** Data records **

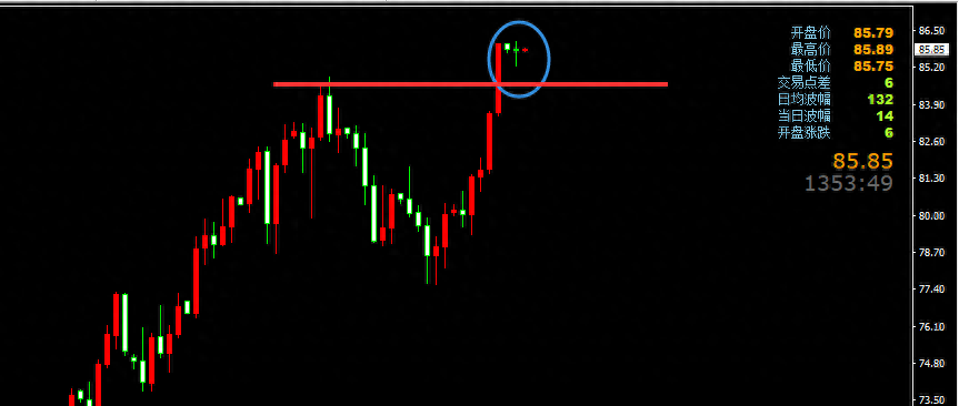 原油首次触及86.3/4空,防守87.2,看85下方,回踩84.4/5多,防守83.6,看86上方
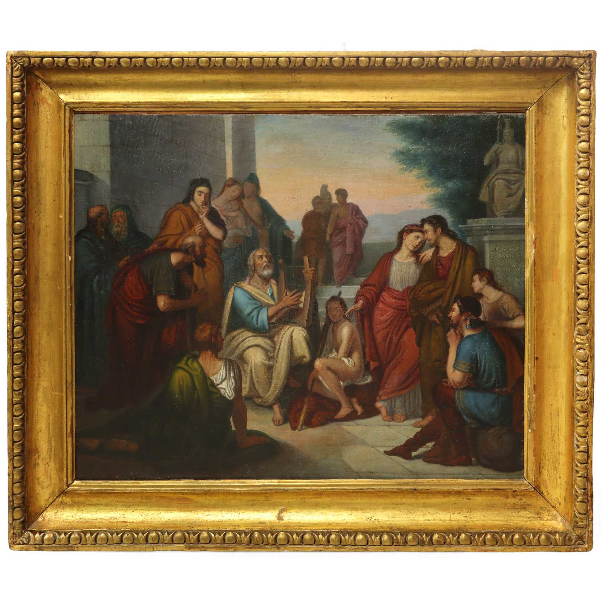 Omero con la cetra intento a declamare i suoi versi agli astanti , primi 19° secolo 63 x 77.5, in cornice 82 x 93 Olio su tela Dipinto di carattere neoclassico
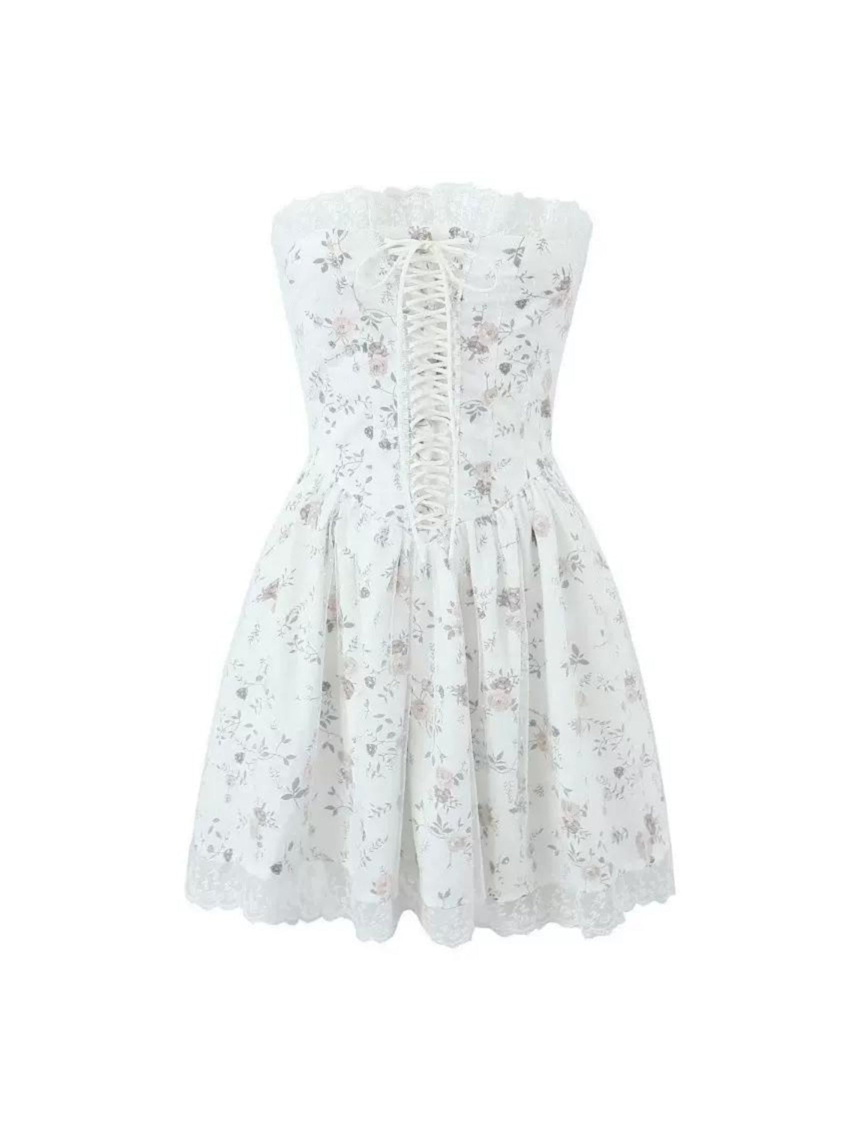 A romantic Penny Floral Mini Dress with a high waist and lace detailing. Strapless with a strappy cross design. this dress from the Aesvs collection is available in both white and black. Perfect for a feminine and playful look.
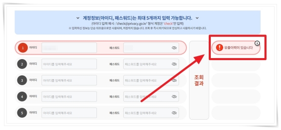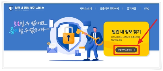 1. 홈페이지 중앙에 "유출여부 조회하기" 버튼을 클릭해 주세요.
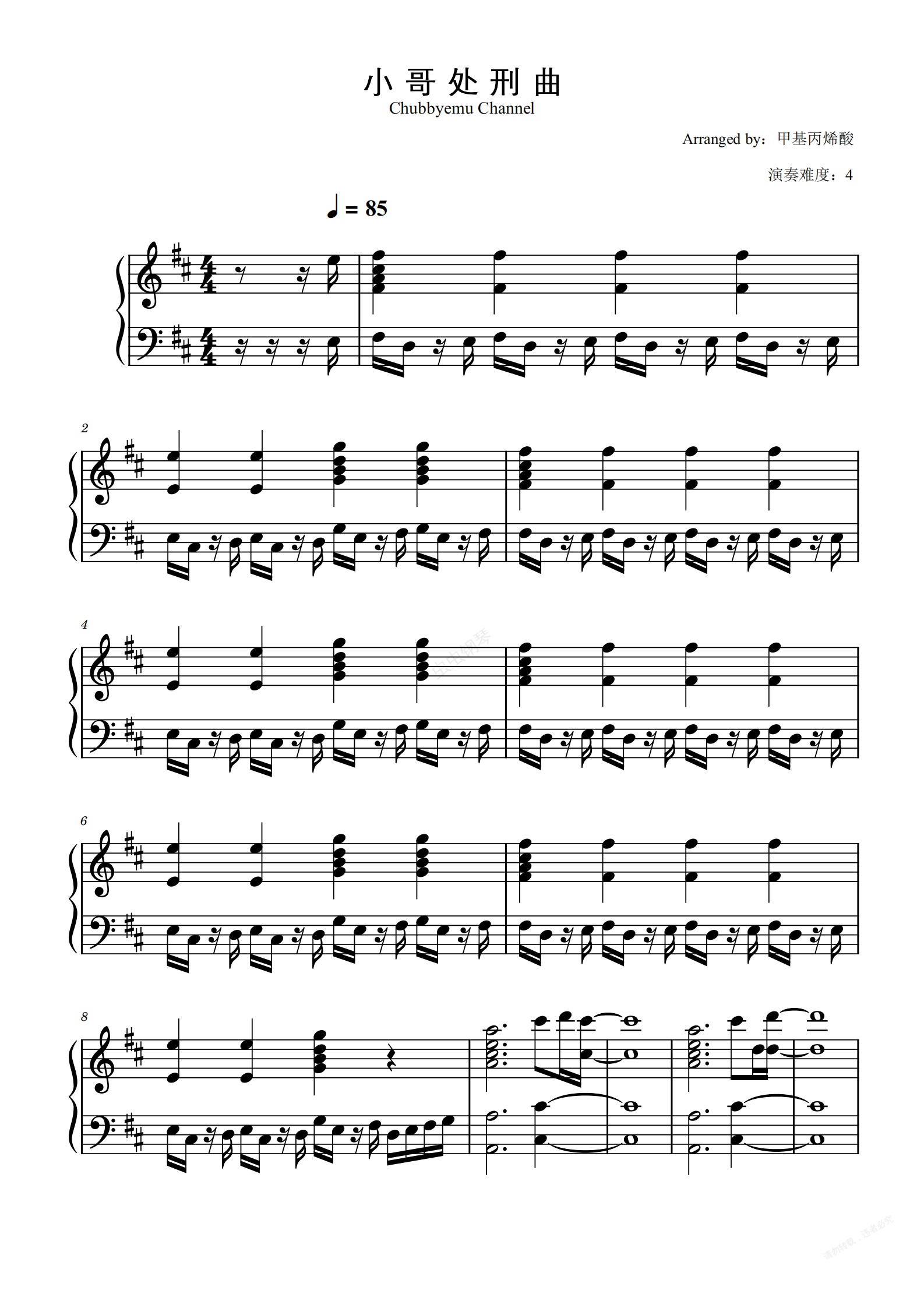 钢琴谱:小哥处刑曲-钢琴独奏谱
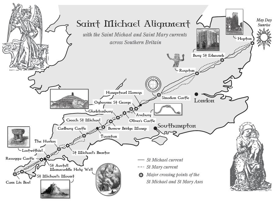 Twin underground telluric currents, known as the Michael and Mary lines after the number of churches dedicated to either Mary or St. Michael to be found along them, weave around the central overground mid-line. This reveals the primal ‘Caduceus’ pattern that can be found within all true Leys: a triple-fold axis composed of masculine, feminine, and spirit currents, which may be experienced by the practising Geomancer as containing information in the thinking, feeling and spirit realms respectively.
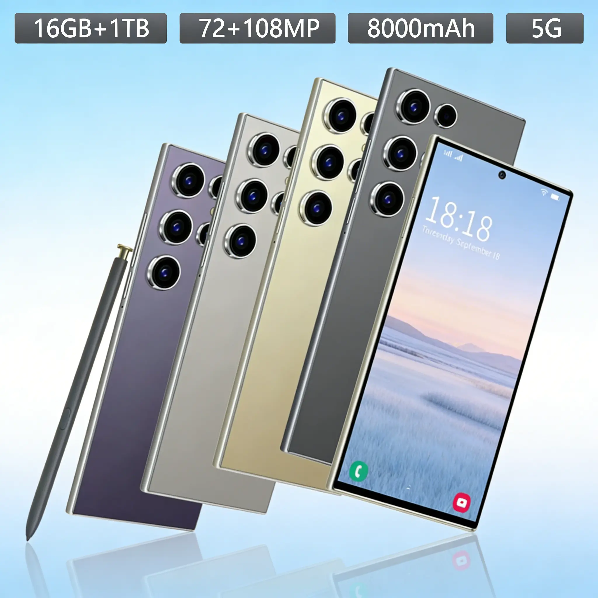 [Ready Kirim] S 25 Ultra Edisi Hitam 7.5Inci 16GB+1TB Android14 Dual SIM 5G 8000mAh 72MP+108MP OIS Smartphone Metal Frame + Free TWS & Case
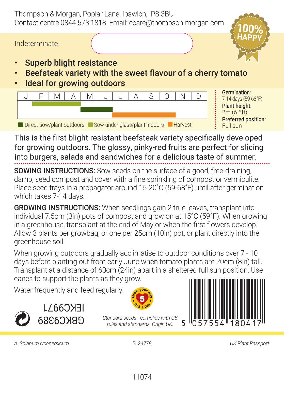 This is the first blight resistant beefsteak variety specifically developed for growing outdoors. The glossy, pinky-red fruits are perfect for slicing into burgers, salads and sandwiches for a delicious taste of summer.
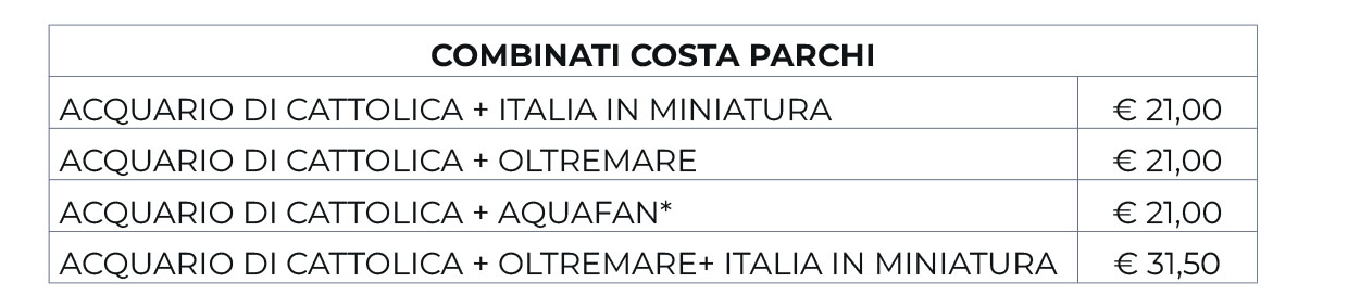 - Prezzi ed orari potrebbero subire delle variazioni in base alla stagionalità e allo sviluppo dell’Acquario.

** Exercise prompt **
Retype, exactly as written, each line from the one containing "1. 홈페이지 중앙에" through the end of the data above, and leave out every picture.

** Exercise solution **
 1. 홈페이지 중앙에 "유출여부 조회하기" 버튼을 클릭해 주세요.
 钢琴谱:小哥处刑曲-钢琴独奏谱
 Twin underground telluric currents, known as the Michael and Mary lines after the number of churches dedicated to either Mary or St. Michael to be found along them, weave around the central overground mid-line. This reveals the primal ‘Caduceus’ pattern that can be found within all true Leys: a triple-fold axis composed of masculine, feminine, and spirit currents, which may be experienced by the practising Geomancer as containing information in the thinking, feeling and spirit realms respectively.
 [Ready Kirim] S 25 Ultra Edisi Hitam 7.5Inci 16GB+1TB Android14 Dual SIM 5G 8000mAh 72MP+108MP OIS Smartphone Metal Frame + Free TWS & Case
 This is the first blight resistant beefsteak variety specifically developed for growing outdoors. The glossy, pinky-red fruits are perfect for slicing into burgers, salads and sandwiches for a delicious taste of summer.
 - Prezzi ed orari potrebbero subire delle variazioni in base alla stagionalità e allo sviluppo dell’Acquario.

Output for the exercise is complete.